Nothing but the pictures should be dropped; repeat the rest of the data below exactly.

:: DATA ::
◆ ◆ ◆ ◆
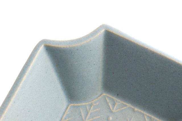 底面に杉の葉をイメージした「cedarpattern」が施された隅切型の器。くすんだマットなブルーグレーの色味、隅切りの形、そしてナチュラルなパターン模様。可愛いが詰まった器です!ナチュラルな雰囲気がお好きな方にも、北欧スタイルがお好きな方にもおすすです。
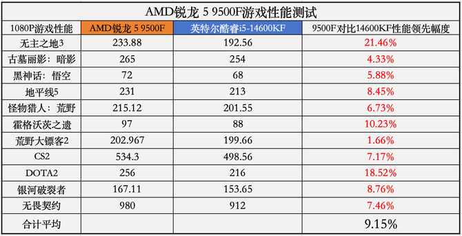 AMD锐龙 5 9500F首发评测:游戏性能同级领先 千元级超绝新星
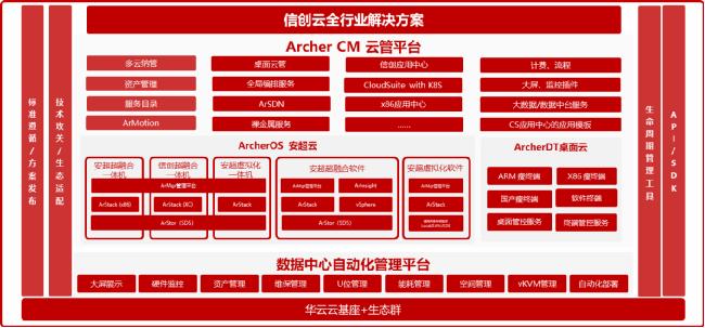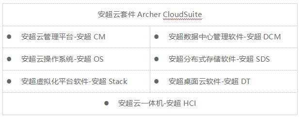 安超云基座一站式解决方案是由安超云套件系列产品Archer CloudSuite共同构成,同时组件可拆,每个组件均可独立服务,方案可以兼容不同x86、ARM、自主创新芯片的硬件与操作系统,适应不同阶段IT云化服务。并在集团信创基地群的生态做以大量兼容、稳定性适配,屏蔽底层基础设施差异,能为客户适配提供完整信创云方案。其中组件包括:
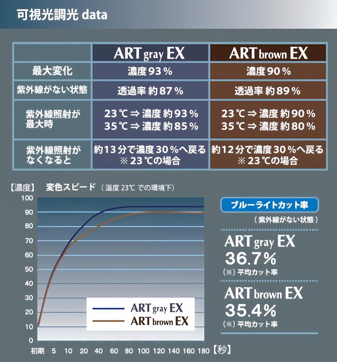 光の量でレンズの濃さが変わるものが可視光調光レンズです。屋内や夜間では薄いカラー(濃度約10%)車中では中程度のカラー(濃度約50%)屋外、晴天時では濃いカラー(濃度最大約90%)に変化します。さらにブルーライトカット機能も平均約35%カットあります。
◆ ◆ ◆ ◆
:: ANSWER FOR THE TASK ::
 底面に杉の葉をイメージした「cedarpattern」が施された隅切型の器。くすんだマットなブルーグレーの色味、隅切りの形、そしてナチュラルなパターン模様。可愛いが詰まった器です!ナチュラルな雰囲気がお好きな方にも、北欧スタイルがお好きな方にもおすすです。
 AMD锐龙 5 9500F首发评测:游戏性能同级领先 千元级超绝新星
 安超云基座一站式解决方案是由安超云套件系列产品Archer CloudSuite共同构成,同时组件可拆,每个组件均可独立服务,方案可以兼容不同x86、ARM、自主创新芯片的硬件与操作系统,适应不同阶段IT云化服务。并在集团信创基地群的生态做以大量兼容、稳定性适配,屏蔽底层基础设施差异,能为客户适配提供完整信创云方案。其中组件包括:
 光の量でレンズの濃さが変わるものが可視光調光レンズです。屋内や夜間では薄いカラー(濃度約10%)車中では中程度のカラー(濃度約50%)屋外、晴天時では濃いカラー(濃度最大約90%)に変化します。さらにブルーライトカット機能も平均約35%カットあります。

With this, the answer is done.